** Information provided follows **
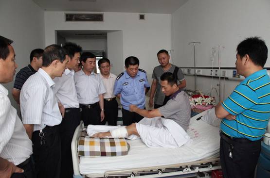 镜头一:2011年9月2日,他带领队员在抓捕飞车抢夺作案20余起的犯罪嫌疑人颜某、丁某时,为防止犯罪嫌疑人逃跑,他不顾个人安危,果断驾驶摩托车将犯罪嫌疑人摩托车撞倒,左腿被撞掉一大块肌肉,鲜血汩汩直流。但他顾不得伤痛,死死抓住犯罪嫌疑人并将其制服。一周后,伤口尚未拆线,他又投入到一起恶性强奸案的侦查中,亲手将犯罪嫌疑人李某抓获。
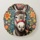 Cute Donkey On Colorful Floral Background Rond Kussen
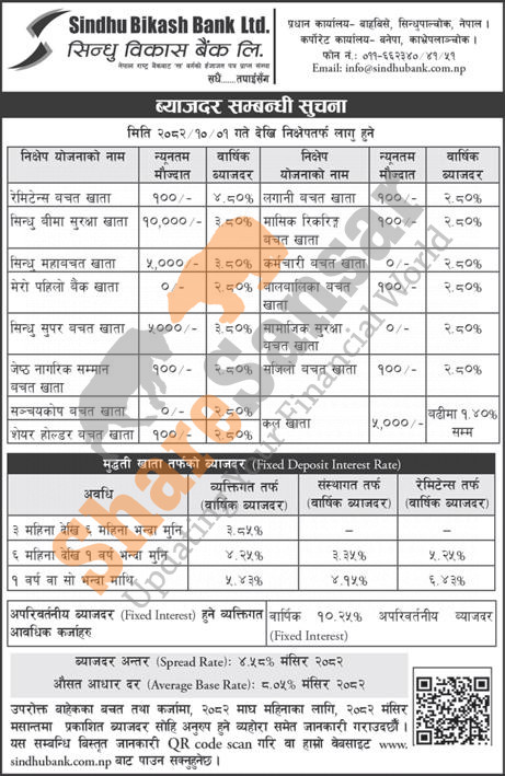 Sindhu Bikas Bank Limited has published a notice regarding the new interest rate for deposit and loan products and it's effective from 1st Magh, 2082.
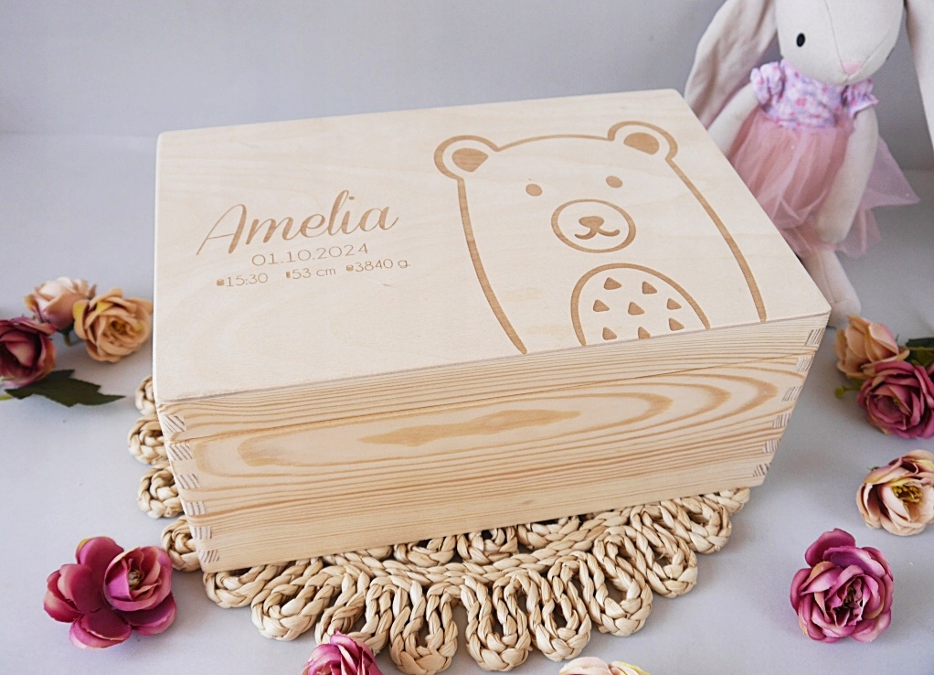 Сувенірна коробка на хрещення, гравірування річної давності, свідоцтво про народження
** End of Information provided **
Problem statement: Leaving out the pictures, restate each line of the listing above verbatim, from the opening line to the line bearing "Cute Donkey On", inclusive, and no more.

Solved problem:
 镜头一:2011年9月2日,他带领队员在抓捕飞车抢夺作案20余起的犯罪嫌疑人颜某、丁某时,为防止犯罪嫌疑人逃跑,他不顾个人安危,果断驾驶摩托车将犯罪嫌疑人摩托车撞倒,左腿被撞掉一大块肌肉,鲜血汩汩直流。但他顾不得伤痛,死死抓住犯罪嫌疑人并将其制服。一周后,伤口尚未拆线,他又投入到一起恶性强奸案的侦查中,亲手将犯罪嫌疑人李某抓获。
 Cute Donkey On Colorful Floral Background Rond Kussen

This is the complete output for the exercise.